→ **REQUIRED ACTION**: Exactly the lines below, starting with the one containing "Part PayOut - Press" and going on through the one containing "全体加熱方式と同様に平板平行", must be reproduced, both ends included, and no pictures with them.

→ **DATA**:
== Segment start ==
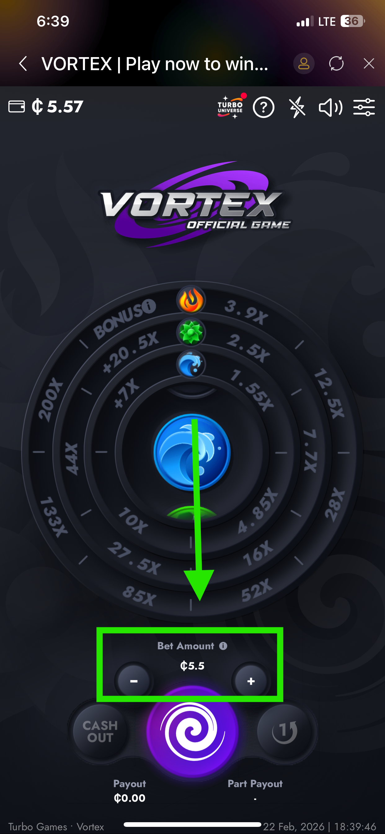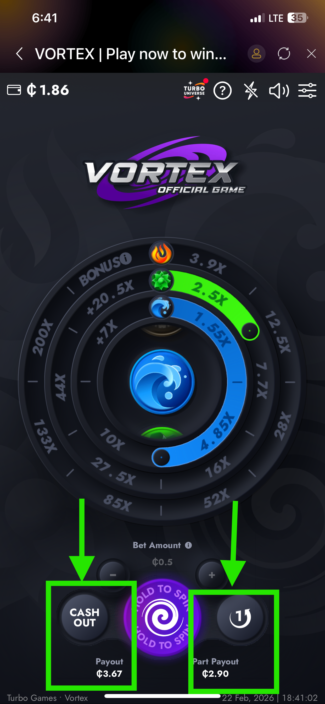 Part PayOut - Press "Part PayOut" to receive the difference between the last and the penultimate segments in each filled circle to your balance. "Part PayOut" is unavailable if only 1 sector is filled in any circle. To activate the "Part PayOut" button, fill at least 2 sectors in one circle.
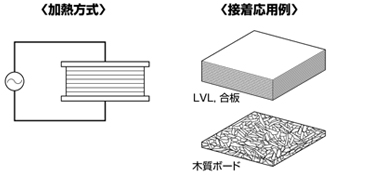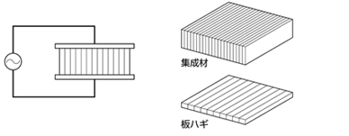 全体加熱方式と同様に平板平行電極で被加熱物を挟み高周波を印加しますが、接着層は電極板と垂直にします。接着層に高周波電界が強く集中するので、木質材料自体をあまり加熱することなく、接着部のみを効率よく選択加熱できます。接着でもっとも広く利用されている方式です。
== Segment end ==
== Segment start ==
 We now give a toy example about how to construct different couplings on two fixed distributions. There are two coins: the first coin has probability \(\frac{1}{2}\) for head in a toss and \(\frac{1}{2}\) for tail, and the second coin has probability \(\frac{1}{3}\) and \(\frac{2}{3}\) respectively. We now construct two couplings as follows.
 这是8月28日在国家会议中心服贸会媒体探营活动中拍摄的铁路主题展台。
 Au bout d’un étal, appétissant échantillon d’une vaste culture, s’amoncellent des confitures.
== Segment end ==
→ **RESPONSE BOX**:
 Part PayOut - Press "Part PayOut" to receive the difference between the last and the penultimate segments in each filled circle to your balance. "Part PayOut" is unavailable if only 1 sector is filled in any circle. To activate the "Part PayOut" button, fill at least 2 sectors in one circle.
 全体加熱方式と同様に平板平行電極で被加熱物を挟み高周波を印加しますが、接着層は電極板と垂直にします。接着層に高周波電界が強く集中するので、木質材料自体をあまり加熱することなく、接着部のみを効率よく選択加熱できます。接着でもっとも広く利用されている方式です。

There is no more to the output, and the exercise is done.